Work to be completed :: All lines from the top of the records below through the line holding "در این تصاویری", and only those, should be printed exactly, minus the pictures.
*-*-*
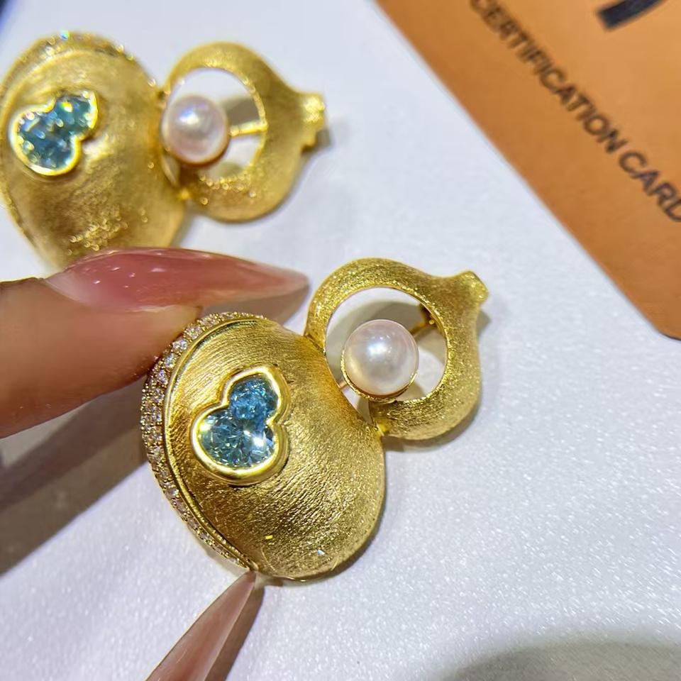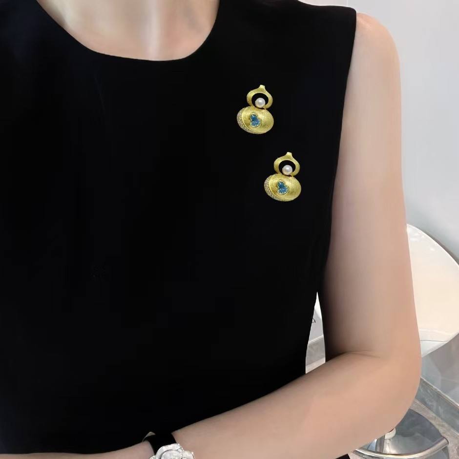 Chinese Retro Style Women's Fashion Brooch Treasure Gourd with Sea Water Akoya Simple Winter Tampemance Chest Jewelry
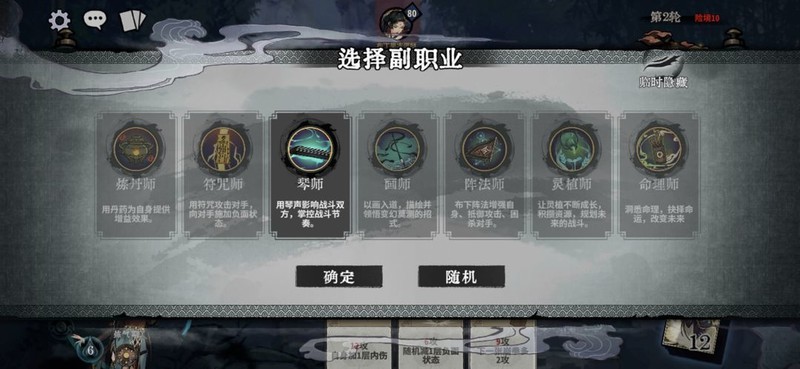 开局若遇到对方是阵法职业可能较难应对,建议第二轮选副职时优先考虑琴师,作为万金油副职适配性较高,尤其在困仙和断肠等情况下表现稳定。
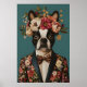 Boston Terrier In Suit Poster, Boston Terrier Portrait, Boston Terrier Oil Painting, Animal Head Human Body Poster, Funny Dog Poster, Pet
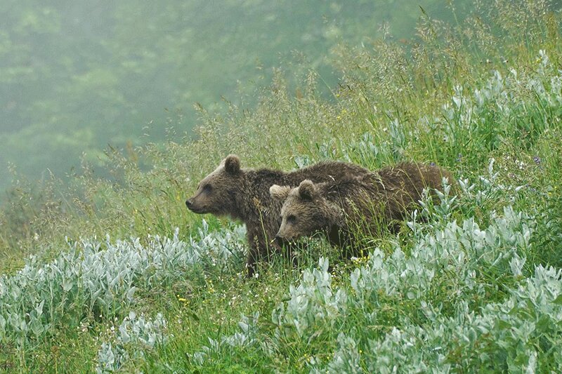 در این تصاویری لحظه ای بود که مادر تصمیم میگیره توله ها را احتمالا برای همیشه از خودش جدا کند تا مستقل شوند. هربار با نزدیک شدن توله ها به این جفت شاهد این بودیم که خرس ماده با عصبانیت و رفتار عجیب به سمت توله ها میره و اجازه نمیده به خرس نر نزدیک شوند. این تصاویر را حامد تیزرویان به تصویر کشیده است.
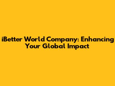 Hey guys! Ever wondered about companies that are not just about profit, but also about making the world a better place? Well, let me introduce you to iBetter World Company. This isn't just another business; it's a movement, a vision, and a tangible force for positive change. We're talking about a company that is deeply committed to sustainability, ethical practices, and fostering a global community that strives for improvement in every aspect of life. From the products they create to the way they operate, iBetter World Company aims to inspire and empower individuals and communities to contribute to a more equitable and healthier planet. Think about it – in today's world, where environmental concerns and social responsibility are paramount, a company like iBetter World isn't just a good idea; it's a necessary one. They are at the forefront of innovation, constantly exploring new ways to minimize their ecological footprint while maximizing their social impact. This dedication goes beyond mere corporate jargon; it's woven into the very fabric of their existence. They understand that true progress comes from a holistic approach, where economic growth is balanced with environmental stewardship and social well-being. Their journey is one of continuous learning and adaptation, embracing challenges as opportunities to refine their strategies and deepen their commitment. So, if you're looking for a company that walks the talk, that genuinely cares about the future, and that actively works towards creating a better world, then you've come to the right place. Stick around, because we're about to dive deep into what makes iBetter World Company such a unique and inspiring entity in today's corporate landscape.
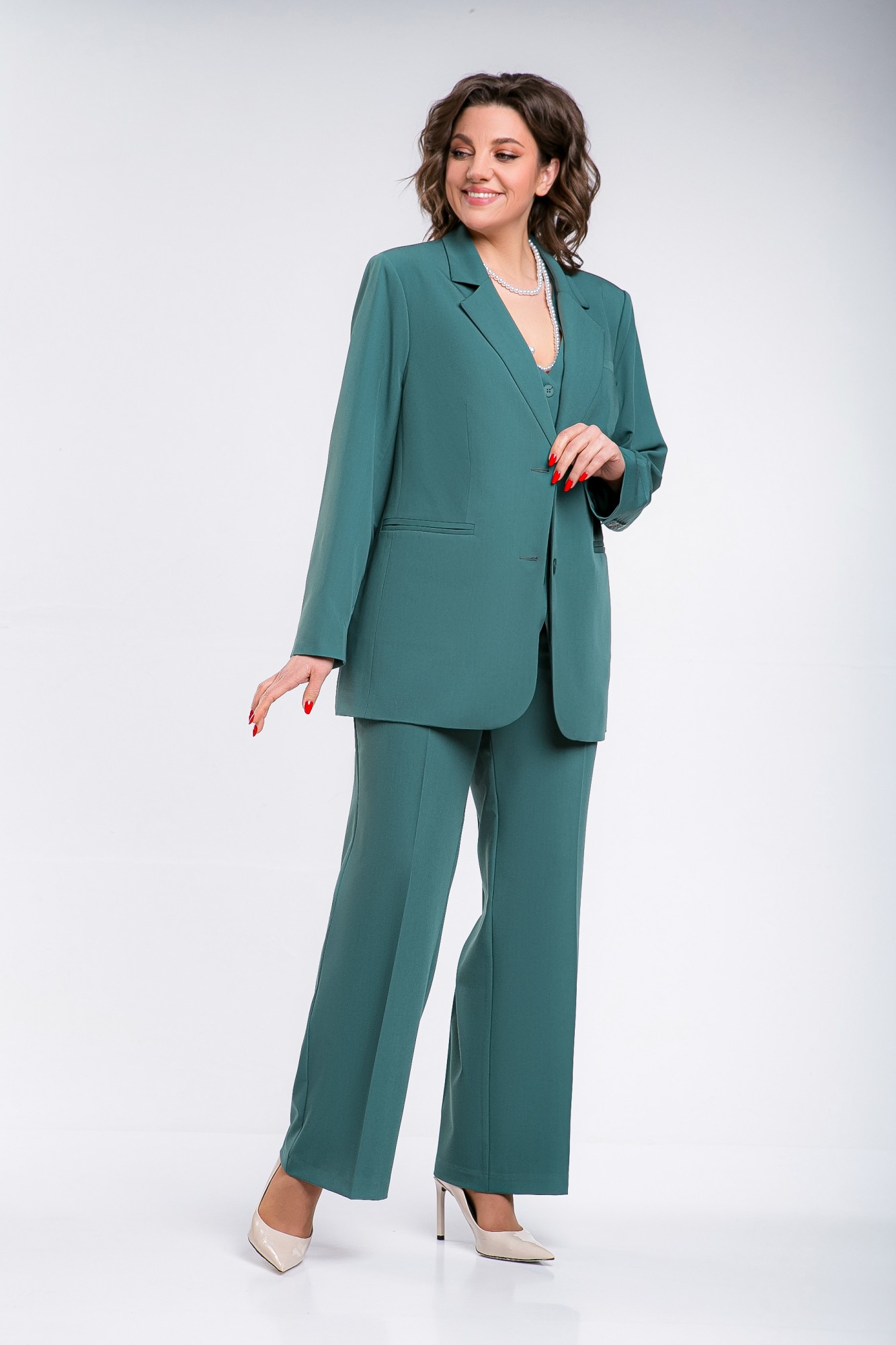 Брючный костюм Ольга Стиль С910 тройка светлая бирюза
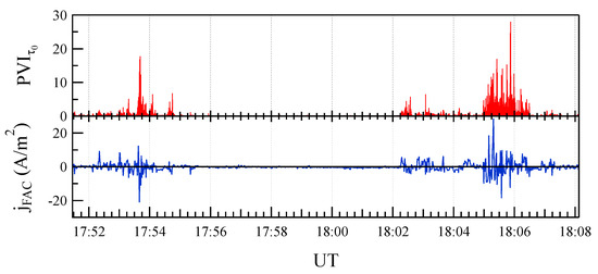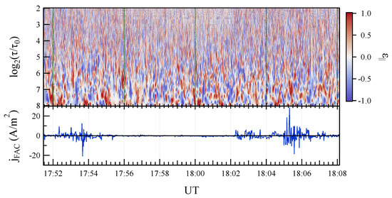 Figure 13 shows computed at the smallest available timescale s ( m) in comparison with during the selected time interval. There is an excellent agreement between and supporting the idea that the satellite is crossing a turbulent plasma region characterized by a complex filamented network of currents at the boundaries of field-aligned magnetic structures. Large values of corresponding to the crossing of FAC regions suggest the existence of relevant magnetic discontinuities localized in the regions where currents flow. We point out that the observed discontinuities can be both tangential/rotational and compressional based on definition.
*-*-*
Answer space ::
 Chinese Retro Style Women's Fashion Brooch Treasure Gourd with Sea Water Akoya Simple Winter Tampemance Chest Jewelry
 开局若遇到对方是阵法职业可能较难应对,建议第二轮选副职时优先考虑琴师,作为万金油副职适配性较高,尤其在困仙和断肠等情况下表现稳定。
 Boston Terrier In Suit Poster, Boston Terrier Portrait, Boston Terrier Oil Painting, Animal Head Human Body Poster, Funny Dog Poster, Pet
 در این تصاویری لحظه ای بود که مادر تصمیم میگیره توله ها را احتمالا برای همیشه از خودش جدا کند تا مستقل شوند. هربار با نزدیک شدن توله ها به این جفت شاهد این بودیم که خرس ماده با عصبانیت و رفتار عجیب به سمت توله ها میره و اجازه نمیده به خرس نر نزدیک شوند. این تصاویر را حامد تیزرویان به تصویر کشیده است.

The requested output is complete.